Сreating a system that would be able to work with a video stream from a camera and:
a) detect human faces in every frame and distinguish them from the background;
b) recognize faces and compare them to descriptive vectors in the database;
c) return a signal with information if a face is in the database or not.
To upload a new dataset into the database the administrator will use a simple Docker script that picks all the images and metadata from a specified folder.
We have researched the statistics on the topic of face recognition and FPR/FNR ratio balance and the theory behind it to find the best system sensitivity settings. Then we have deployed the system on a test stand in our office and tuned that balance even further. Thus we have achieved the best system performance together with a guarantee that the FPR will not exceed 2%.

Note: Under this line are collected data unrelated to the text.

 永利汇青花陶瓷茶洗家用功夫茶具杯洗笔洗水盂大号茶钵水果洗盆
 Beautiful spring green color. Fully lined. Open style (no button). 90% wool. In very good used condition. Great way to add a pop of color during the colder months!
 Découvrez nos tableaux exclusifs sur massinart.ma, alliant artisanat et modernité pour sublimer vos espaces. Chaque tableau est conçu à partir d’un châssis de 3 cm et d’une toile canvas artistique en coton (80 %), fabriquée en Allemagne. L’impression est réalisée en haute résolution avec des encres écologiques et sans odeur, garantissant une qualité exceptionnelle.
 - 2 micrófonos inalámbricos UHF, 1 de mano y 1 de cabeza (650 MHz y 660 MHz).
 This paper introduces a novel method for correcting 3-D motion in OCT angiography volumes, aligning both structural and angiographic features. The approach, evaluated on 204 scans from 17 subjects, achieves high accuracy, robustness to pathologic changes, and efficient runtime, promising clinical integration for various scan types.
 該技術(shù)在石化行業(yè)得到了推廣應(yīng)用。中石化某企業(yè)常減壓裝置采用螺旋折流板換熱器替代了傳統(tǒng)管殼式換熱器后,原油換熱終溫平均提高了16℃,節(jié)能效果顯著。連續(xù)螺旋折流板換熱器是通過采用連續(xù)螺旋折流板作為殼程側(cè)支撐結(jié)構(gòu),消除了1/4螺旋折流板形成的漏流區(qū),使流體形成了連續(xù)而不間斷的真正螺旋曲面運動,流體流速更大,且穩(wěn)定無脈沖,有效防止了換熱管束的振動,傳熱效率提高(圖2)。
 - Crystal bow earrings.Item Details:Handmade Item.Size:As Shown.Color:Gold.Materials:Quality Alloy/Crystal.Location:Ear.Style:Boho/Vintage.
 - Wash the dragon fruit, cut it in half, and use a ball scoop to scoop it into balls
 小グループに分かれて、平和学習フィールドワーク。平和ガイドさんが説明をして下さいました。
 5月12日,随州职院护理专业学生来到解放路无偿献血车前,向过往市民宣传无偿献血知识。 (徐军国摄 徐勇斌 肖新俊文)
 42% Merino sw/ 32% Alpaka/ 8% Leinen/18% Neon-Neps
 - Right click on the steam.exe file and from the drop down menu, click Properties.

The first idea was to use some celebrities’ content (videos and images available for free usage) to virtually simulate and test the facial recognition video stream input. But then we decided to test it ourselves, so we have purchased and assembled all the necessary hardware, placed a camera in our office at an angle recommended by the client, hooked it up with the employees profile images from our ERP database and tested it on the company employees. This allowed us to be convinced in the quality of the product being developed.
Our DevOps made a great job performing the smoothest deployment possible and provided all the necessary customer support to avoid any possible issues in operation. We have created a detailed guide on hardware and camera setup requirements, database update guide, and helped the customer step by step to make the system working in its best shape.
The project was tested and accepted by the client. After some minor improvements, the system was launched on several facilities in Mexico, where the staff turnover sometimes exceeds 100% per year.
Our system helps to solve some of the problems related to the staff turnover by simplifying the process of the employee database update and eliminating the need of mesmerizing every worker personally. It also improves security measures and accelerates the checkpoint passage.